§ DIRECTIONS FOR THIS TASK: All lines in the records below with the word "around" must be returned.
>>>
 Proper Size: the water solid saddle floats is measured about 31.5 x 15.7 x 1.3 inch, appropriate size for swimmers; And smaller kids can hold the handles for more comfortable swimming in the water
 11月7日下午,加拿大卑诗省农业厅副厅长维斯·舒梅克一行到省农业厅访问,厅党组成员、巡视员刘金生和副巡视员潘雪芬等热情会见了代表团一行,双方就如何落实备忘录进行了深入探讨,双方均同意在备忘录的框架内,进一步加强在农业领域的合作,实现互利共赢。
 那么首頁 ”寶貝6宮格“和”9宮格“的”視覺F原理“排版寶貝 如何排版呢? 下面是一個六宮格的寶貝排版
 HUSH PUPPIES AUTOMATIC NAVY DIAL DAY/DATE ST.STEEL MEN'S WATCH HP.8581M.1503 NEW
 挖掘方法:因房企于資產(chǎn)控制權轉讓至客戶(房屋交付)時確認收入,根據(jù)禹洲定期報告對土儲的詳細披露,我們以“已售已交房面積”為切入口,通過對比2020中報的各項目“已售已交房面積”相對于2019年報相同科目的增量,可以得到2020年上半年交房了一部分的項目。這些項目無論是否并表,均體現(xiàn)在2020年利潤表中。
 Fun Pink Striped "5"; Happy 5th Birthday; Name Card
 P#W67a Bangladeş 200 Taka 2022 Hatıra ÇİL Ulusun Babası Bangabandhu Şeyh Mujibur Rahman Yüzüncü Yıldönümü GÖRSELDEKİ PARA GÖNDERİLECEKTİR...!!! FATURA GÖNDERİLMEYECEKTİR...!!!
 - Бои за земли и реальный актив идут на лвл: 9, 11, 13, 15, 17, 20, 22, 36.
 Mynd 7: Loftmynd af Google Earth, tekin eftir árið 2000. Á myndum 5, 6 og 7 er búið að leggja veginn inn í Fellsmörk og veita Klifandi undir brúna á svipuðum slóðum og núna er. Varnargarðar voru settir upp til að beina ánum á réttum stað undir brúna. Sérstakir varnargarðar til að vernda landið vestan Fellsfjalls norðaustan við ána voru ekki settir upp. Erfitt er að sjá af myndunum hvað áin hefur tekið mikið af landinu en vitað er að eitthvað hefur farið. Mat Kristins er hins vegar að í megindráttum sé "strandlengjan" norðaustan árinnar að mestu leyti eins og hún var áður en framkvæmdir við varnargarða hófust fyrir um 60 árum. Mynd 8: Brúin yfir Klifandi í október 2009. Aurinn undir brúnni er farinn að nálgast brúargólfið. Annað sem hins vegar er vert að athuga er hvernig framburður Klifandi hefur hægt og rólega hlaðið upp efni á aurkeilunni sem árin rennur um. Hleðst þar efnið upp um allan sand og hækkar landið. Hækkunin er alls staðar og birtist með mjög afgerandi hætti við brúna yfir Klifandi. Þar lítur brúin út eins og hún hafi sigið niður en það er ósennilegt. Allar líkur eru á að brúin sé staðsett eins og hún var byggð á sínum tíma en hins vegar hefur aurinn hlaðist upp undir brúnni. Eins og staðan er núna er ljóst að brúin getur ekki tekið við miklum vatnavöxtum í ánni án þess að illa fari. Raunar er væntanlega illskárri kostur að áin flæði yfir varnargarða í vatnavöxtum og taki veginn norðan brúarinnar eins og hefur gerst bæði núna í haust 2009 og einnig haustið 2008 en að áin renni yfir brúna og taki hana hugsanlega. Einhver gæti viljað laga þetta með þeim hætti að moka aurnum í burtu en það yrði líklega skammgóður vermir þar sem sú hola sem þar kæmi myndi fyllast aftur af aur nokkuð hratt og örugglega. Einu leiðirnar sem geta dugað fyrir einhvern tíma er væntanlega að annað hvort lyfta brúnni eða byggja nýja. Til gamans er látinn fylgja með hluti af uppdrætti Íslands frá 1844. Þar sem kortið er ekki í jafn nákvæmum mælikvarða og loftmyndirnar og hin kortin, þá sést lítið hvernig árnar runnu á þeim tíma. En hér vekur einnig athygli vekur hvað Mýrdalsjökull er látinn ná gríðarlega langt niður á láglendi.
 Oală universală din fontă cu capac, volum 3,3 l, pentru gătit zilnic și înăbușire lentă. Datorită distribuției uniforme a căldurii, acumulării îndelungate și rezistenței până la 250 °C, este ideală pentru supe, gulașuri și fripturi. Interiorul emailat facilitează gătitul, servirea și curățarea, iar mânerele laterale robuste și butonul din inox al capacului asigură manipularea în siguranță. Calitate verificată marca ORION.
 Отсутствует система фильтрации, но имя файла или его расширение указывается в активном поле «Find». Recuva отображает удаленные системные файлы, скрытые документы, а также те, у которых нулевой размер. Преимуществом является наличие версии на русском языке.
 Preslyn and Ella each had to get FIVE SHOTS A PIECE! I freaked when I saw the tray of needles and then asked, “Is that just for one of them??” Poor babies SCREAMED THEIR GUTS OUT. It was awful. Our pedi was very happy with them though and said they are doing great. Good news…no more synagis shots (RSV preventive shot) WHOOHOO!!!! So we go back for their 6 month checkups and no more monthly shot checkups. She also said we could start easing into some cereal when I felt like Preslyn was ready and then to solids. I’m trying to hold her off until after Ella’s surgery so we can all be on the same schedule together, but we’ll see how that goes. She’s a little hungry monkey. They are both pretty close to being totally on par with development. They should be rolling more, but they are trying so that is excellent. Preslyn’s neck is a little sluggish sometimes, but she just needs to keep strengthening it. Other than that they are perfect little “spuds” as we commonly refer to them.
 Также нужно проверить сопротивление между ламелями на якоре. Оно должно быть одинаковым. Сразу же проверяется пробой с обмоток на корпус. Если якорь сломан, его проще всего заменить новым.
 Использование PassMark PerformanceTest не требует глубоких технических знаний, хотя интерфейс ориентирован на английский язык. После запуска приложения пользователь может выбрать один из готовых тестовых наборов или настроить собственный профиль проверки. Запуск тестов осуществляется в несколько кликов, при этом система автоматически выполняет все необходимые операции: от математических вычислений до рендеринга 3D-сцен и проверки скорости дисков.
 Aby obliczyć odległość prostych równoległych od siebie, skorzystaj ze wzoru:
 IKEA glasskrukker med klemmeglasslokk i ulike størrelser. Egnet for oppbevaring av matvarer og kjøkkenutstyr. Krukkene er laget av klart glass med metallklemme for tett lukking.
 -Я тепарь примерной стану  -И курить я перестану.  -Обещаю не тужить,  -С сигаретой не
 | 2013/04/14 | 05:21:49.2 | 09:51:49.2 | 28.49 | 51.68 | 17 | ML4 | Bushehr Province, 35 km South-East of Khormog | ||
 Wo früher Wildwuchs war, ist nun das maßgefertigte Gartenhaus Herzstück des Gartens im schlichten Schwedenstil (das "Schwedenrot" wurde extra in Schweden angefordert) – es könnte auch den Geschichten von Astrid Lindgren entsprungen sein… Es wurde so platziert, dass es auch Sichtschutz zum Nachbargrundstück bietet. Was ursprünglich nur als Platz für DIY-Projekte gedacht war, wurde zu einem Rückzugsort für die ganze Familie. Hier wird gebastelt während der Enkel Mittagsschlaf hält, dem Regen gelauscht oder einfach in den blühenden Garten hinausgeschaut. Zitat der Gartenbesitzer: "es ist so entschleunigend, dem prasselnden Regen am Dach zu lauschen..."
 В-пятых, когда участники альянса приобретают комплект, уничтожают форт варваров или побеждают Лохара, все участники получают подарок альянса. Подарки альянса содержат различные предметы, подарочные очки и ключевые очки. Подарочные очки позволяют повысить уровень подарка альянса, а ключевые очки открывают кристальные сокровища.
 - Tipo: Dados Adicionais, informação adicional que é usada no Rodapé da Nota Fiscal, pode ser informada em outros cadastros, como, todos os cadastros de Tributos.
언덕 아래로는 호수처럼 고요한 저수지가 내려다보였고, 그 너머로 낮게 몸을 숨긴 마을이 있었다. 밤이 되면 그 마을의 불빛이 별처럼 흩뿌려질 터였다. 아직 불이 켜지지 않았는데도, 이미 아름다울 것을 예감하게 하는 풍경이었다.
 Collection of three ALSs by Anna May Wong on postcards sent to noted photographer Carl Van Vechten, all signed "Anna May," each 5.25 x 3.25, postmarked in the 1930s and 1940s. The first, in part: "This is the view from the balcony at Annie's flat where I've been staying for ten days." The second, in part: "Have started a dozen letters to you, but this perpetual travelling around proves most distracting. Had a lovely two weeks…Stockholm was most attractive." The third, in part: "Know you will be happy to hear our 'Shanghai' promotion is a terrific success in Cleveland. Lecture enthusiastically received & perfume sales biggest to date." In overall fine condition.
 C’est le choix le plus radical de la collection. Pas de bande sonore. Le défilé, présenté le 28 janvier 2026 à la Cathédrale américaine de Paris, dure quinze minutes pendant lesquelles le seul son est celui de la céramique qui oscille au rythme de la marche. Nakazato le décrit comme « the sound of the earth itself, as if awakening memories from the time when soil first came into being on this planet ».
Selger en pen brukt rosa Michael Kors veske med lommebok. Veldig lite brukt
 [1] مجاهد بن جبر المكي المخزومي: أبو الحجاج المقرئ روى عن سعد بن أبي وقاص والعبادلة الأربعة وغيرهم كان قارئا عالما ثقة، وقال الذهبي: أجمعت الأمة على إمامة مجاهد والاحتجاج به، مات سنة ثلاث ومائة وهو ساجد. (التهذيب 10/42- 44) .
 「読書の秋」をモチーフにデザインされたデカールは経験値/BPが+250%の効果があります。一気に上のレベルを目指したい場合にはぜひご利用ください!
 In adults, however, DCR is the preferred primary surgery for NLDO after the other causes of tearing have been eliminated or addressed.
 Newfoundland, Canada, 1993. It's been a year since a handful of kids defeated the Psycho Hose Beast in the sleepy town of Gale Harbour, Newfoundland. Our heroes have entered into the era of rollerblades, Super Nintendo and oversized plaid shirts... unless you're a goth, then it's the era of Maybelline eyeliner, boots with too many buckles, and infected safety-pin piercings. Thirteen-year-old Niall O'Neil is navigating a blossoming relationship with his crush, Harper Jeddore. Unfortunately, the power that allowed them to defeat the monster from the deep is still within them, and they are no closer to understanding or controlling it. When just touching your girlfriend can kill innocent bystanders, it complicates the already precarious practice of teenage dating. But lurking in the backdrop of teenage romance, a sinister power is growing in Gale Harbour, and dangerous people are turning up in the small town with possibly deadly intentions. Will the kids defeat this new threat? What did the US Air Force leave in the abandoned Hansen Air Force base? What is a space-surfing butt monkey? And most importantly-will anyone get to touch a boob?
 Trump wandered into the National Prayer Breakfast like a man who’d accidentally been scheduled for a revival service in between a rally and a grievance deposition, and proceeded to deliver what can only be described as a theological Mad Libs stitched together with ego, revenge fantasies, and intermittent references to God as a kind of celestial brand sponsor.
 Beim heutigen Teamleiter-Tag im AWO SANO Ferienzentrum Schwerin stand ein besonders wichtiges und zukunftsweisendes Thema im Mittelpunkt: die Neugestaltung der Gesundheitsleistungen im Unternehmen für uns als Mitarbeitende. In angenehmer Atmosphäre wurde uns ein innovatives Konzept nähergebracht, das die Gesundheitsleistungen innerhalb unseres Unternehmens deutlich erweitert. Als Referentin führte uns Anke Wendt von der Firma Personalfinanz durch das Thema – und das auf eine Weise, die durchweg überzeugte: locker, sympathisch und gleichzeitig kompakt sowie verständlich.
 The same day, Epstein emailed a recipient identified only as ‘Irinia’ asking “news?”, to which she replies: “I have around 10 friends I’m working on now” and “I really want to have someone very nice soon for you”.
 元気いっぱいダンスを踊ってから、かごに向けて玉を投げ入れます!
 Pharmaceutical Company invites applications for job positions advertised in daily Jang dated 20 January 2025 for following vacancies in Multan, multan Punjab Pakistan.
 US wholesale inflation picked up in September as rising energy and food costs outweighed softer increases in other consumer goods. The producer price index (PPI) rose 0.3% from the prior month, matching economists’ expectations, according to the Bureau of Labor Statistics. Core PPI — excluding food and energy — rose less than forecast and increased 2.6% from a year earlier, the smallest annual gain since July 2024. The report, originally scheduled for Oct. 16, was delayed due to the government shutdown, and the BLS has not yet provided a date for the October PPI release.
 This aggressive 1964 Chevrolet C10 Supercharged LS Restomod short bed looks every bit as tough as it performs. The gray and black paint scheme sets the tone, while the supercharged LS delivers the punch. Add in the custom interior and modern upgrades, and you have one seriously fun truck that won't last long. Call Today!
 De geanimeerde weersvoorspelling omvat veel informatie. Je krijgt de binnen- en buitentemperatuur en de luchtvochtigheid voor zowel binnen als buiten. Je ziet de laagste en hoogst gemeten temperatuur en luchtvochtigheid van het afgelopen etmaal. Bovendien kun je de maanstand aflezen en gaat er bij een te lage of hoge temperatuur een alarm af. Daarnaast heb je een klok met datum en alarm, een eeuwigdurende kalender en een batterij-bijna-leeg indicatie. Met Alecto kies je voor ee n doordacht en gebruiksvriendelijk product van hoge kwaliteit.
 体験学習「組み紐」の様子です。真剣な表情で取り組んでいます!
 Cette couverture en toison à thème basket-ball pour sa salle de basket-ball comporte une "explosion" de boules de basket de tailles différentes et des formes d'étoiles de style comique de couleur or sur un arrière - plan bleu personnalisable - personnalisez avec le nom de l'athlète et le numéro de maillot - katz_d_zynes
<<<
§ OUTPUT:
 Collection of three ALSs by Anna May Wong on postcards sent to noted photographer Carl Van Vechten, all signed "Anna May," each 5.25 x 3.25, postmarked in the 1930s and 1940s. The first, in part: "This is the view from the balcony at Annie's flat where I've been staying for ten days." The second, in part: "Have started a dozen letters to you, but this perpetual travelling around proves most distracting. Had a lovely two weeks…Stockholm was most attractive." The third, in part: "Know you will be happy to hear our 'Shanghai' promotion is a terrific success in Cleveland. Lecture enthusiastically received & perfume sales biggest to date." In overall fine condition.
 The same day, Epstein emailed a recipient identified only as ‘Irinia’ asking “news?”, to which she replies: “I have around 10 friends I’m working on now” and “I really want to have someone very nice soon for you”.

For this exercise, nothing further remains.